EXERCISE OBJECTIVE
Make an exact copy, from the records below, of the lines from the line containing "The 3 mussel" to the line containing "Apparence : L’eau", both lines included, excluding pictures.

Saved data entries
=== Section Start ===

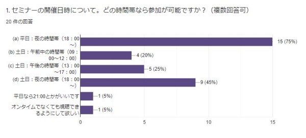 まず、皆様がオンラインの場で集まるにあたって、どのような時間が都合が良いかをお伺いしました。
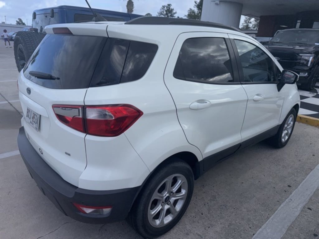 Diamond White 2021 Ford EcoSport SE FWD EcoBoost 1.0L I3 GTDi DOHC Turbocharged VCT **LOCAL TRADE**, 4G WiFi Hotspot Telematics, 8" Color Touchscreen, Backup Camera, Hill Start Assist, Parking Sensors, Power Mirror Package, Power Package, Push Button Start, Reverse Brake Assist, Reverse Sensing, SE Package, Sunroof/Moonroof, 4D Sport Utility, EcoBoost 1.0L I3 GTDi DOHC Turbocharged VCT, 6-Speed Automatic, FWD, 110V/150W AC Power Outlet, 4-Wheel Disc Brakes, 7 Speakers, ABS brakes, AM/FM radio: SiriusXM, Ambient Lighting, AppLink/Apple CarPlay and Android Auto, Automatic temperature control, BLIS Blind Spot Information System, Brake assist, Compass, Electronic Stability Control, Emergency communication system: SYNC 3 911 Assist, Equipment Group 200A, Exterior Parking Camera Rear, Front Center Armrest, Front wheel independent suspension, Heated front seats, Hood/Side/Tailgate Overlander Decal, Illuminated entry, Leather Shift Knob, Low tire pressure warning, Navigation System, Outside temperature display, Overhead console, Power door mirrors, Power moonroof, Power steering, Power windows, Radio data system, Rear Parking Sensors, Rear seat center armrest, Rear window wiper, Remote keyless entry, Roof rack: rails only, SE Convenience Package, SiriusXM Radio, SiriusXM Traffic & Travel Link, Speed-sensing steering, Split folding rear seat, Steering wheel mounted audio controls, SYNC 3 Communications & Entertainment System, SYNC 3 Communications & Entertainment System w/47B, Telescoping steering wheel, Tilt steering wheel, Traction control, Trip computer, Turn signal indicator mirrors, Unique Cloth Heated Front Bucket Seats, Wheels: 16" Shadow Silver-Painted Aluminum.
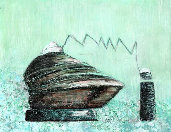 The 3 mussel paintings (8.5 x 11, acrylic, markers and wax pencil on paper) are currently available for purchase, as are other artworks on my website.
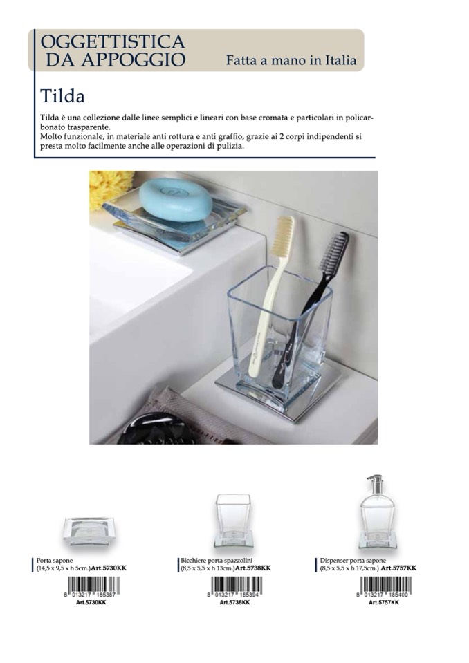 Tilda è una collezione dalle linee semplici e lineari con base cromata e particolari in policar-
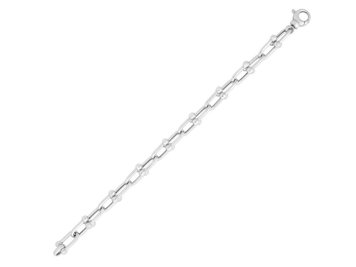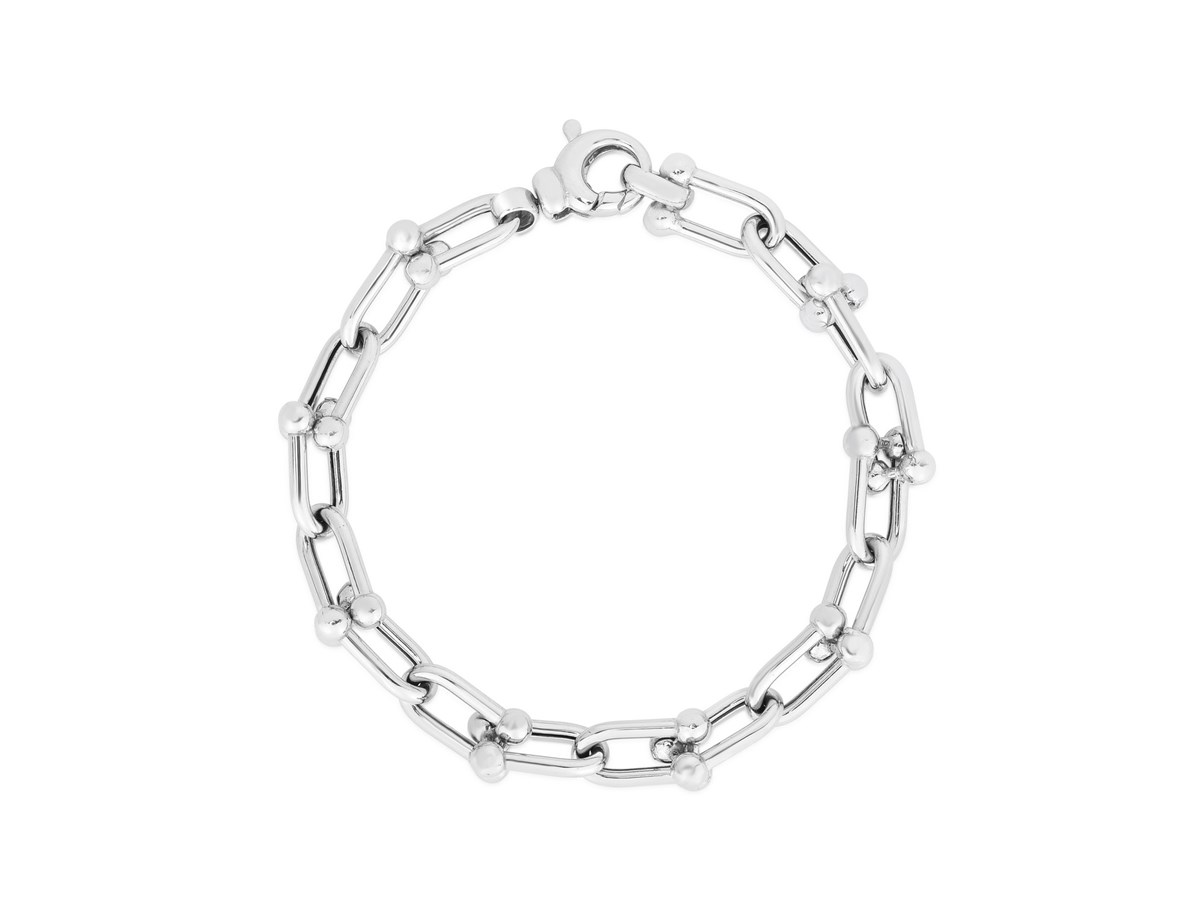 This sterling silver rhodium plated Jax link bead bracelet features bold, sculpted bead-style links with a bright polished finish. Its modern, dimensional design makes it a standout piece perfect for everyday wear, layering, or gifting.
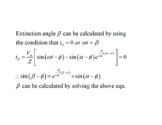 The document discusses different types of phase controlled rectifiers. There are two types - single-phase and three-phase controlled rectifiers. Single-phase rectifiers can be half-wave or full-wave, while three-phase rectifiers can be semi, full, or dual converters. The operation of a single-phase half-wave thyristor converter with a resistive load is explained, including derivations of average output voltage, RMS output voltage, and load current. Effects of an inductive load are also discussed.
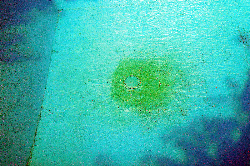 Apparence : L’eau prend une teinte verte foncée, noire ou brunâtre, souvent accompagnée de glissance sur les parois.
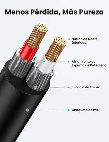 UGREEN Cable Jack a 2RCA, Cable de Audio 3.5mm a 2RCA con HiFi Sonido, Minijack a RCA Macho Audio Estéreo Cable para Móvil, Tablet, PC, Reproductor MP3, iPod, Amplificador, Altavoz, TV, DVD, 5 Metros
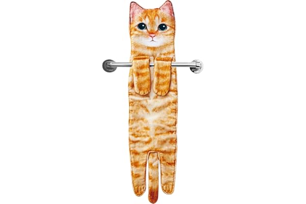 Cute Decorative Cat Decor Hanging Washcloths Face Towels Super Absorbent Soft- Housewarming Gift for Cat Lovers - Orange
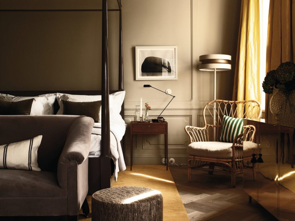 Britská designérka Ilse Crawford na přání majitelky hotelu vsadila na nadčasový design – mramorové koupelny s bronzovými detaily jsou naprosto dokonalé – zároveň ale proměnila každý z dvanácti pokojů v unikát. Zatímco jednomu dominuje kachlová pec z padesátých let, v jiném najdete surrealistické křesílko z dílny dánského génia nábytkového designu Finna Juhla, ideální pro deštivá odpoledne s knížkou.
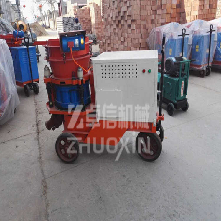 - PZ-7型噴漿機(jī)PZ-7型噴漿機(jī)是混凝土錨噴施工設(shè)備。它是目前濕噴、潮噴混凝土最理想的設(shè)備之一。分為普通與防爆型,廣泛用于隧道、涵洞、地下工程、煤礦井巷、水利水電工程的錨噴支護(hù)施工。PZ-7型噴漿機(jī)主要技術(shù)參數(shù)與特征:型號(hào): PZ-7生產(chǎn)能力m3/h: 7最大輸送距離:垂直15m;水平30m適用水灰比: 0.55-0.65速凝劑添加量:0-7%最大骨粒粒徑:15mm工作風(fēng)壓mpa: 0.3-0.6耗風(fēng)量m3/h: 8-10噴砂管內(nèi)徑mm:51/64上料高度m:1.3噴射機(jī)KW:7.5計(jì)量泵KW:0.75振動(dòng)電機(jī)KW:0.25整機(jī)質(zhì)量kg: 900外型尺寸mm:1900X1050X1300PZ-7型噴漿機(jī)是將水泥、水和骨料按設(shè)計(jì)比例拌和均勻,用濕式噴漿機(jī)壓送到噴頭處,再在噴頭上添加速凝劑并與風(fēng)匯合后后噴出。讓我們一起了解一下SSP-7濕噴機(jī)操作規(guī)范:1、每次濕噴前應(yīng)先將高壓風(fēng)打開(kāi),機(jī)器空轉(zhuǎn)幾分鐘,將機(jī)器和管路中的殘液和污物吹出,并檢查轉(zhuǎn)子料倉(cāng)是否嚴(yán)密、管路是否暢通;當(dāng)關(guān)閉主風(fēng)閥時(shí),系統(tǒng)風(fēng)壓顯示在0.5MPa 以上時(shí)方可開(kāi)機(jī)操作。2、用壓縮空氣或壓力水將所有待噴面吹凈,吹除待噴面上的松散雜質(zhì)或塵埃;保證濕噴速度適當(dāng),以利于砼的壓實(shí)。3、使噴嘴與受?chē)娒骈g保持適當(dāng)距離,濕噴角度盡可能接近90度,以便獲得最大的壓實(shí)力和最小的回彈;正確地掌握濕噴順序,不使角隅處及鋼筋背面出現(xiàn)蜂窩或砂囊。4、當(dāng)開(kāi)始或停止?jié)駠姇r(shí),給濕噴機(jī)司機(jī)以信號(hào),當(dāng)料流不能從噴嘴均勻噴出時(shí),也應(yīng)通知濕噴機(jī)司機(jī)停止作業(yè)。5、及時(shí)清除受?chē)娒嫔系纳澳一蛳麓沟捻牛员阒匦聺駠姡粷駠姽ぷ鹘Y(jié)束時(shí),認(rèn)真清洗噴嘴。6、待噴面的準(zhǔn)備工作在修理?yè)p壞了的結(jié)構(gòu)時(shí),首先要清除掉松散物質(zhì),用壓力水徹底沖洗,再將積水吹走。7、濕噴機(jī)的操作濕噴機(jī)的操作可影響回彈、砼的密實(shí)性和料流的均勻性。要正確地控制濕噴機(jī)的工作風(fēng)壓和保證噴嘴料流的均勻性。濕噴機(jī)處的工作風(fēng)壓應(yīng)根據(jù)適宜的濕噴速度而進(jìn)行調(diào)整,若工作風(fēng)壓過(guò)高,即濕噴速度過(guò)大,動(dòng)能過(guò)大,使回彈增加,若工作風(fēng)壓過(guò)低,壓實(shí)力小,影響砼強(qiáng)度,濕噴機(jī)的料流要均勻一致,以保證速凝劑在砼中均勻分布。8、噴嘴的操作:噴嘴與受?chē)娒骈g的距離:噴嘴與受?chē)娒娴淖罴丫嚯x一般為0.8~1m。噴頭距受?chē)娒嫣鼤r(shí),壓縮空氣會(huì)將剛“粘”在受?chē)娒嫔系捻虐韬土洗底撸勾止橇系幕貜椔试龃螅粷駠娊嵌龋簢婎^應(yīng)保持與受?chē)娒娲怪保羰車(chē)娒姹桓駯拧摻罹W(wǎng)覆蓋時(shí),可將噴頭稍加偏斜,但不宜小于70°。如果噴頭與受?chē)娒娴慕嵌冗^(guò)小時(shí),會(huì)形成砼物料在工作面上的滾動(dòng),出現(xiàn)凸凹不平的波形噴面,增加了回彈率,影響了所噴砼的質(zhì)量。在設(shè)有盲管的區(qū)段,必須正對(duì)盲管濕噴,使盲管后面形成透水空隙。在配有鋼筋網(wǎng)片的巖面濕噴時(shí),噴嘴應(yīng)靠近受?chē)娒妫⑴c垂直方向有一個(gè)小角度,使鋼筋后面的砼能濕噴得更加密實(shí),防止鋼筋后漏噴,以獲得較好的包裹效果;在濕噴內(nèi)部角隅時(shí),應(yīng)在兩個(gè)受?chē)娒鎶A角處,噴嘴沿角平分線方向進(jìn)行噴敷,隨著角隅已被填滿成一個(gè)曲面后,再向兩側(cè)壁面逐漸延伸,然后,按與壁面成90°的角度進(jìn)行噴敷,對(duì)外部角隅,可將噴嘴垂直地先對(duì)準(zhǔn)一個(gè)受?chē)娒鎳姺螅缓笤賴姺蠼怯绲牧硪粋?cè)。噴頭運(yùn)動(dòng)方式是噴嘴指向一個(gè)地點(diǎn)的時(shí)間不應(yīng)過(guò)久,因?yàn)檫@樣會(huì)增加回彈并難于取得均勻的厚度,好的噴敷方法是橫過(guò)砼面將噴嘴穩(wěn)定而系統(tǒng)地做圓形或橢圓形移動(dòng),噴嘴有節(jié)奏地做一系列環(huán)形移動(dòng)可形成均勻的產(chǎn)品和最少回彈,濕噴手所畫(huà)的環(huán)形圈應(yīng)為橫向40~60cm,高15~20cm。 濕噴應(yīng)分段、分部、分塊,(濕噴時(shí)分段長(zhǎng)度不超過(guò)6m,分部為先下后上,分塊大小為2m×2),噴頭應(yīng)作連續(xù)不斷的螺旋狀圓周運(yùn)動(dòng),螺旋直徑約為20~30m,后一圈壓前一圈三分之一,濕噴路線應(yīng)自上而下,呈“S”形運(yùn)行,如圖1所示。濕噴砼應(yīng)先邊墻、后拱部,砼濕噴走向如圖2所示9、濕噴厚度:濕噴砼對(duì)墻部一次噴層厚可達(dá)10cm 以上,拱部一次噴層厚可達(dá)7cm。影響噴層厚度的主要因素是砼的坍落度,速凝劑的作用效果和氣溫。一般8 cm左右的坍落度可獲得較厚的噴層,能保證砼在2min內(nèi)凝結(jié)的效果較好,作業(yè)面的氣溫需在15℃以上。10、分層濕噴對(duì)于新鮮濕噴砼,其抗拉強(qiáng)度和粘接強(qiáng)度都很低,一旦濕噴砼的自重大于其與受?chē)娒娴恼辰訌?qiáng)度時(shí),即出現(xiàn)下垂及脫落,因此需要分層濕噴,前后層濕噴的間隔時(shí)間為2~4小時(shí),一次濕噴厚度以濕噴砼不滑移,不墜落為度。11、表面整修濕噴面自然整平,不論從結(jié)構(gòu)強(qiáng)度和耐久性方面來(lái)講,都是可取的,進(jìn)一步追加整

=== Section End ===

ANSWER SECTION
 The 3 mussel paintings (8.5 x 11, acrylic, markers and wax pencil on paper) are currently available for purchase, as are other artworks on my website.
 Tilda è una collezione dalle linee semplici e lineari con base cromata e particolari in policar-
 This sterling silver rhodium plated Jax link bead bracelet features bold, sculpted bead-style links with a bright polished finish. Its modern, dimensional design makes it a standout piece perfect for everyday wear, layering, or gifting.
 The document discusses different types of phase controlled rectifiers. There are two types - single-phase and three-phase controlled rectifiers. Single-phase rectifiers can be half-wave or full-wave, while three-phase rectifiers can be semi, full, or dual converters. The operation of a single-phase half-wave thyristor converter with a resistive load is explained, including derivations of average output voltage, RMS output voltage, and load current. Effects of an inductive load are also discussed.
 Apparence : L’eau prend une teinte verte foncée, noire ou brunâtre, souvent accompagnée de glissance sur les parois.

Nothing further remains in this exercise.